YOUR TASK: Quote the whole listing verbatim.

SOURCE DATA:

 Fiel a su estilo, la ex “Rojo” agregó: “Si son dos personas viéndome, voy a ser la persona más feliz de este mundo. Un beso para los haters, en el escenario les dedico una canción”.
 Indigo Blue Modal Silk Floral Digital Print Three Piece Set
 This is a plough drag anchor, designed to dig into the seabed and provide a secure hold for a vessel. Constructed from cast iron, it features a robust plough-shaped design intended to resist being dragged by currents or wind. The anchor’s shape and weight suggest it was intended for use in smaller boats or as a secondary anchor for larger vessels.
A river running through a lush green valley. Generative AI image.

WORKED SOLUTION:
 Fiel a su estilo, la ex “Rojo” agregó: “Si son dos personas viéndome, voy a ser la persona más feliz de este mundo. Un beso para los haters, en el escenario les dedico una canción”.
 Indigo Blue Modal Silk Floral Digital Print Three Piece Set
 This is a plough drag anchor, designed to dig into the seabed and provide a secure hold for a vessel. Constructed from cast iron, it features a robust plough-shaped design intended to resist being dragged by currents or wind. The anchor’s shape and weight suggest it was intended for use in smaller boats or as a secondary anchor for larger vessels.
A river running through a lush green valley. Generative AI image.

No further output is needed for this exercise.